Which birds fly in circles and which – don’t?
While virtually every bird on the planet utilizes wind currents when it needs to, some definitely do so much more than others.
For example, any migratory species of birds fly in circles right before migration. This can include many birds such as pelicans, storks, and even crows and vultures. Scavengers like vultures and crows also often fly in circles when they are looking for available food to scavenge on.
Predatory birds such as condors, owls, hawks, falcons, eagles, and others will also sometimes fly in circles far above the ground as they prey on their future meals from above. And then flocks of birds on the other end of the food chain such as doves, and pigeons will also fly in large groups and in circles to confuse the large birds that prey on them. And then, there are starlings and the wonderful dance of murmuration.

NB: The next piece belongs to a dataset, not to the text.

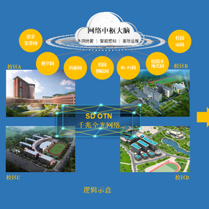 对于一校多区的高校,通过基础运营商提供的SDOTN智能全光网络实现网络互联,不同校区的学生均可通过5G签约后获得授权访问校区内网,不同校区之间的智慧应用也可以通过5G实现互动,让全校的5G融合为一张移动专网,提供低时延、大带宽的校园专网服务,从而可以把实力强的校区师资有效帮扶到其他校区,为学生、老师提供等同面对面的互动和学术交流,助力高校多校区的协同均衡发展。

As for the birds you’ll rarely if ever see flying in circles – those are usually small and woodland species of birds that neither migrate, fly in flocks, nor prey on others from high above. Such birds are small enough to not need the energy conservation effect offered by thermals and they prefer to hide in the forest when chased by predators.
That being said, given a specific situation, any bird can and will circle the air for the right reason – it’s just too convenient of a flight pattern not to.
What is the spiritual meaning of birds flying in a circle?
With all of the above being said, it’s clear that birds flying in a circle can have varying spiritual meanings. Depending on how you choose to look at it, it could be a good sign indicating wisdom, prosperity, and good fortune, or it can be a good omen for a successful and united future.
Or, you can see it as an omen for bad luck instead of good luck if the sight of vultures circling a carcass freaks you out too much. We don’t really see it that way, however, as even in this latter case, the vultures are helping keep our environment clean and hygienic.
And, in most other cases, bird circling in the same spot is about migration, rather than anything else which is very much in line with their symbolism as heaven’s messengers.
In conclusion – no, birds flying in a circle near you isn’t a bad sign
Birds flying in a circle can seem puzzling at first but it actually is one of the most normal things in nature. We have a lot of myths and misconceptions about it because people even just a few generations before us didn’t have enough scientific understanding to figure out why birds do that – they only knew that sometimes birds circle prey or dead animal carcasses.
Today, however, we know that birds tend to fly in circles for many reasons, each more normal and harmless than the other. So, there is no bad symbolism in that – if anything, it’s one of the many cool things we love about birds.